Header ("content-type:text/html; Charset=xxx ")

.. Adddefaultcharset xxx


If you are a web programmer, it is recommended that you add a header to each page ("Content-type:text/html;charset=xxx"), so that it can be displayed correctly on any server, portability is also relatively strong.

4) The Default_charset configuration in php.ini:

The Default_charset = "gb2312" in php.ini defines the default language character set for PHP. It is generally recommended that this line be commented out so that the browser automatically selects the language based on the charset in the header of the page rather than making a mandatory provision, so that Web services can be provided in multiple languages on the same server.

Contact Us

The content source of this page is from Internet, which doesn't represent Alibaba Cloud's opinion; products and services mentioned on that page don't have any relationship with Alibaba Cloud. If the content of the page makes you feel confusing, please write us an email, we will handle the problem within 5 days after receiving your email.

If you find any instances of plagiarism from the community, please send an email to: and provide relevant evidence.

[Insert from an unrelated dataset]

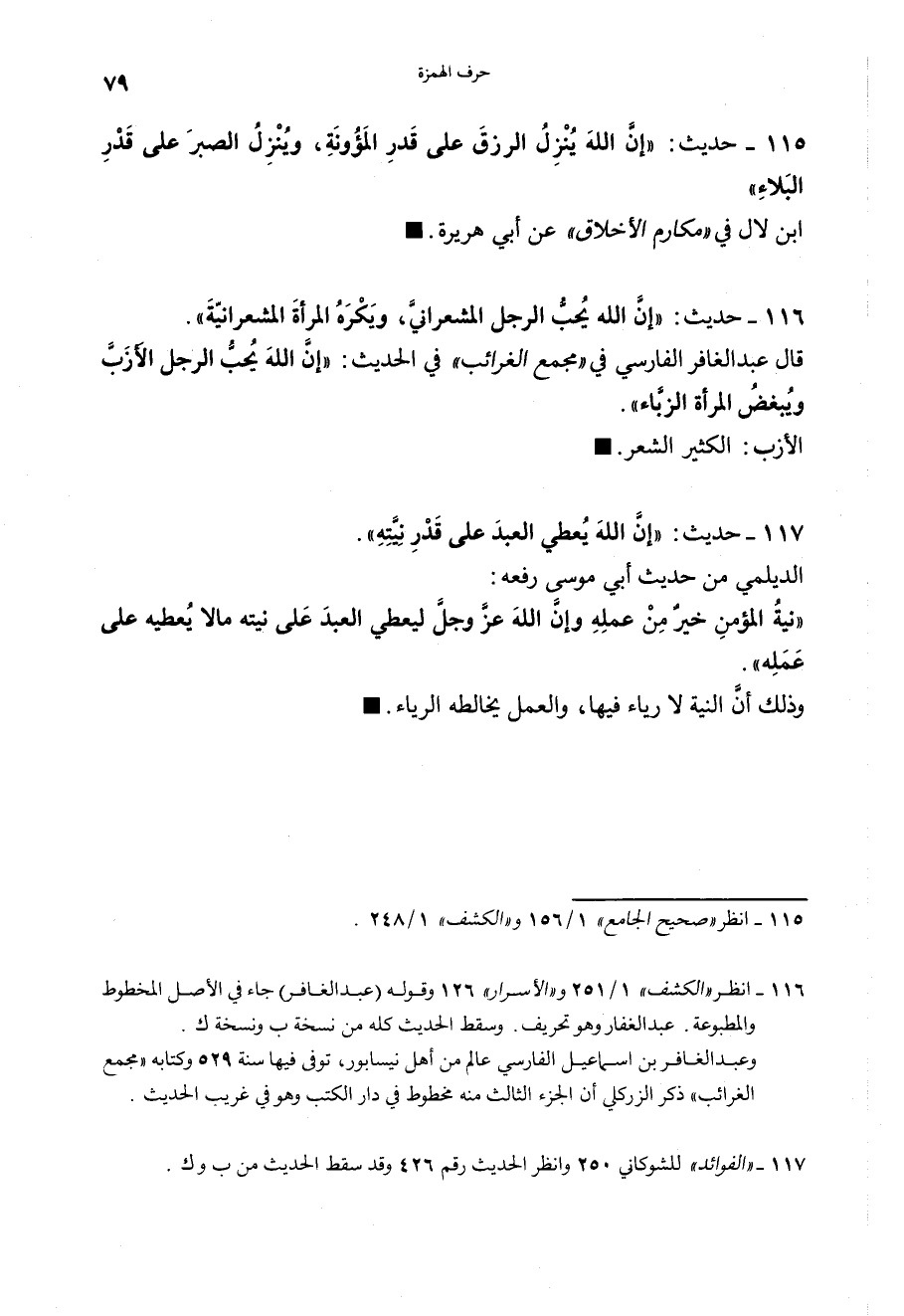 116 - (حديث) "إِنَّ اللهَ يُحِبُّ الرَّجُلَ المُشْعرَانِيَّ، وَيَكْرَهُ المَرْأَةَ المُشْعَرَانِيَّةَ" قال عبد الغفار الفارسي في مجمع الغرائب في الحديث: "إِنَّ اللهَ يُحِبُّ الرَّجُلَ الأَزَبَّ، وَيَبْغُضُ المَرْأَةَ الزَّبَاءَ" الأزب: الكثير الشعر.

A staff member will contact you within 5 working days.

A Free Trial That Lets You Build Big!

Start building with 50+ products and up to 12 months usage for Elastic Compute Service

  • Sales Support

    1 on 1 presale consultation

  • After-Sales Support

    24/7 Technical Support 6 Free Tickets per Quarter Faster Response

  • Alibaba Cloud offers highly flexible support services tailored to meet your exact needs.